Thai singer and actress (born 1988)

Phagkamon Punyabhuti, known as Lookpong Monna, is a Thai singer and actress. Her career was launched after finishing 4th runner up in the 4th season of the popular reality talent show Academy Fantasia. Her singing ranges from classical, operatic, musical to R&B and pop. She sings in Thai and English. Lookpong is a soprano.

==Biography==
Lookpong was born in Bangkok, Thailand. She has one older sister. Lookpong started her elementary education at Phra Manda Nijjanukhroh School, secondary school at Bodindecha (Sing Singhaseni) School.

Her singing bug started early. When she was three years old, the family was having dinner in a restaurant with a live band. Lookpong marched towards the stage and began to sing. The band singer, Chen Chen, then carried Little Lookpong onstage and asked her to join in a singalong. Her mother also loved singing and has sung with her daughter on many occasions. She recognised her daughter's singing talent early on and encouraged Lookpong to take singing lessons at the age of ten. Lookpong and her sibling had been raised by their mother when her father died (on military duty) when she was ten years old. Lookpong had shown sign of singing talent in school and had represented her schools in various singing contests and won many trophies.

===Education===
Lookpong graduated with a bachelor's degree in Classical Music from Faculty of Fine and Applied Arts at Chulalongkorn University in 2011. (Chulalongkorn University is Thailand's foremost and most prestigious university.)

==Academy Fantasia==
While in her junior year at Chulalongkorn University, at the age of 18, Lookpong auditioned for the popular Academy Fantasia Reality Show and was among the final 20 contestants out of tens of thousands of applicants throughout the country.
The show was a showcase for aspiring singers whereby participants would be trained and gave stage performances each week. Held over a period of 12 weeks, each contestant would go to the next stage through votes from both TV and live audience. Lookpong was among the finalists performing the Final Concert at Impact Arena on September 8, 2007). She was the 4th runner up.

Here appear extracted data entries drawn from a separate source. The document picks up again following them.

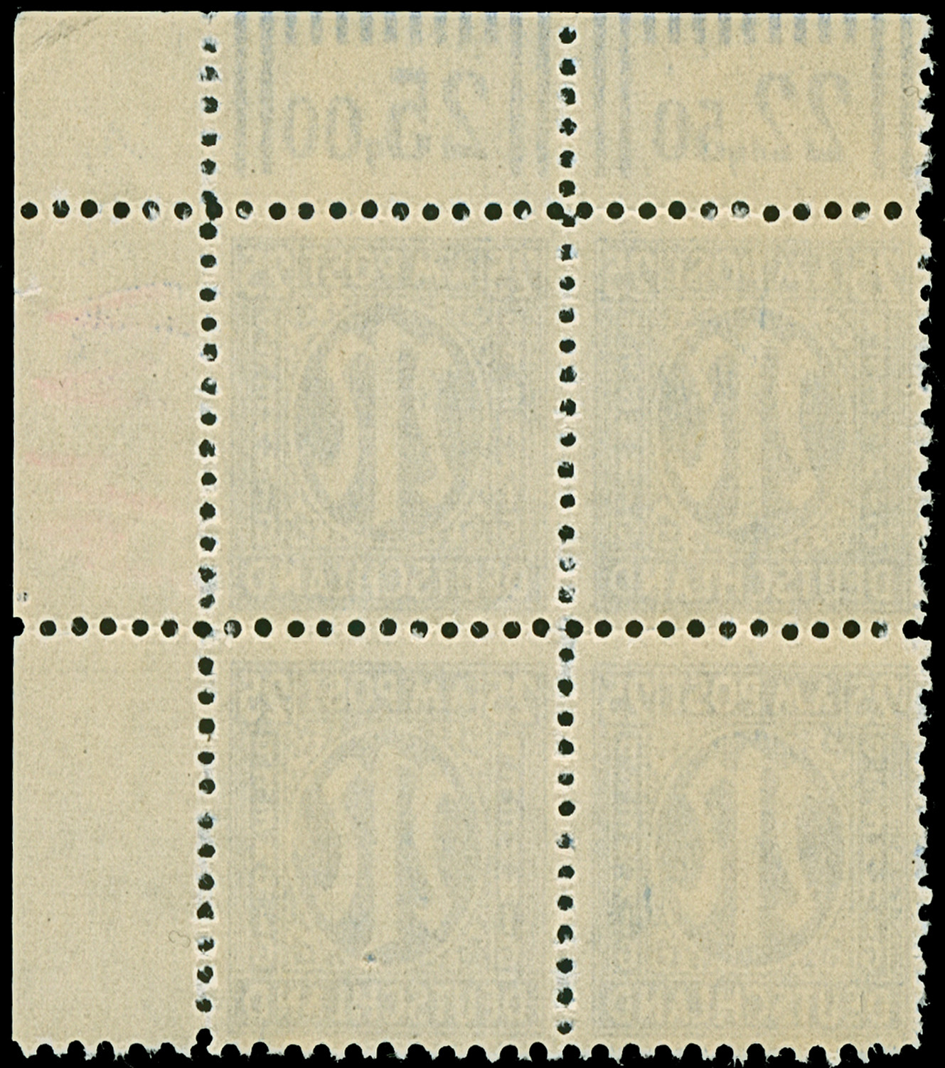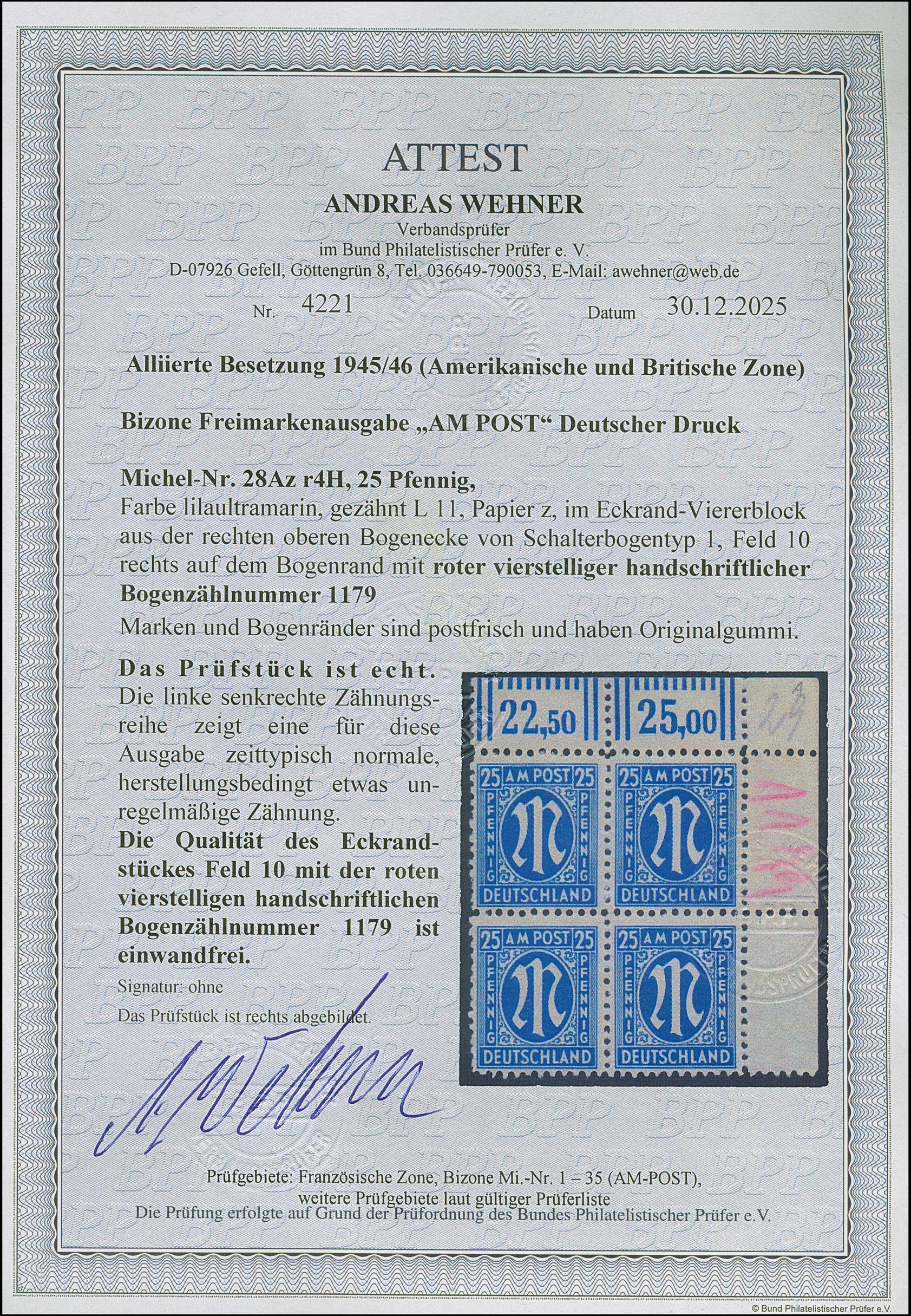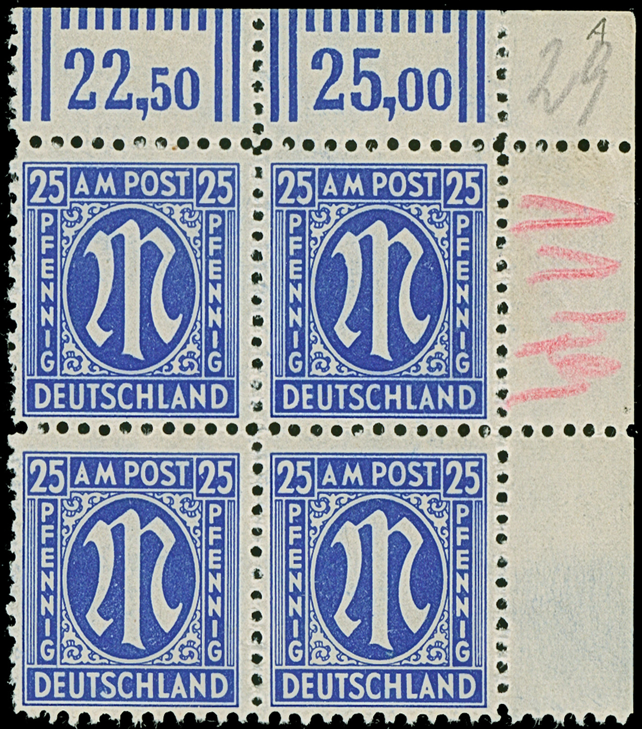 1945, Deutscher Druck, 25 Pfg., gez. 11, Viererblock aus der rechten oberen Bogenecke mit handschriftlicher, roter, vierstelliger Bogenzählnummer “1179”, postfrisch, winzige “Druckstellen”, tadellos, Fotoattest Wehner BPP (2025)
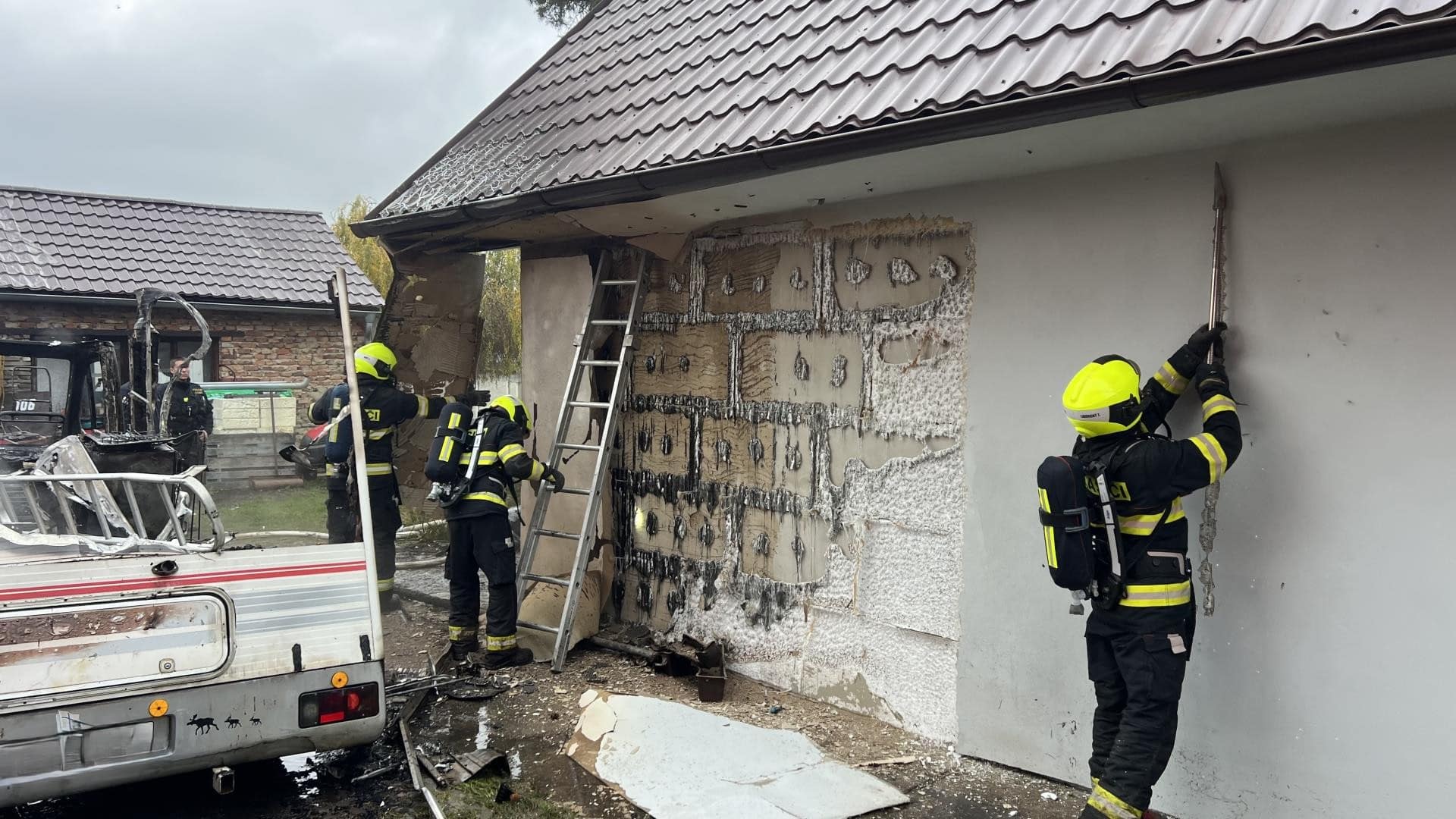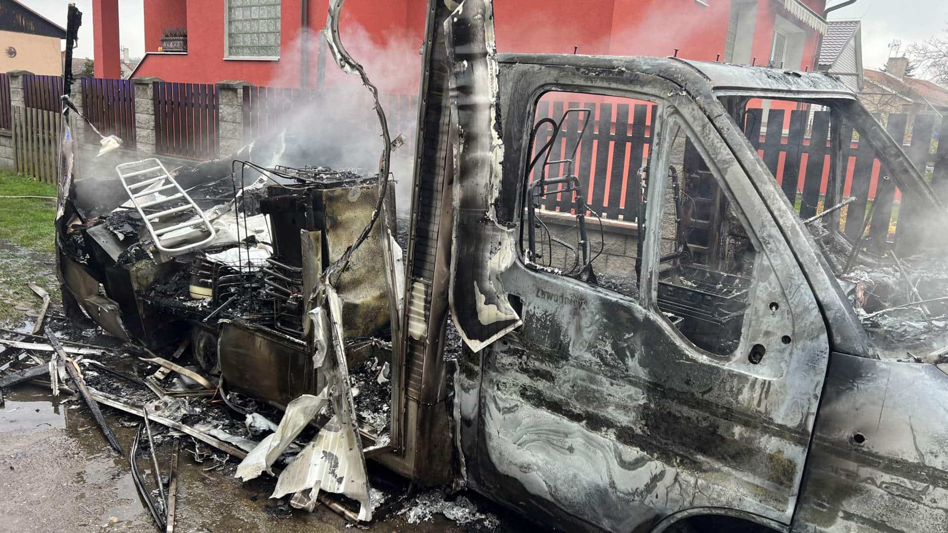 Požár obytné dodávky zachvátil celé vozidlo a ohrozil budovu
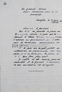 Απαντητική επιστολή σε αίτηση του Κυβερνήτη να δοθεί άδεια στον διοικητή του Κάλαμου να διανείμει στους εκεί πρόσφυγες της ηπειρωτικής Ελλάδας οικονομική βοήθεια εκ μέρους του Κυβερνήτη. Τον διαβεβαιώνει ότι η διοίκηση κάνει όλα όσα είναι αναγκαία για την περίθαλψή τους (4).

Lookpong sang Thai songs and international hits like Listen, One Night Only, Wannabe (girl group), I Will Survive, All I Ask of You (duet), My Heart Will Go On, The Final Countdown (group), Come on Over. Among these, "One Moment in Time" had been her best performance, in which Lookpong received the loudest and longest applause. Lookpong's version of "One Moment in Time" has been considered one of the best cover versions in Thailand.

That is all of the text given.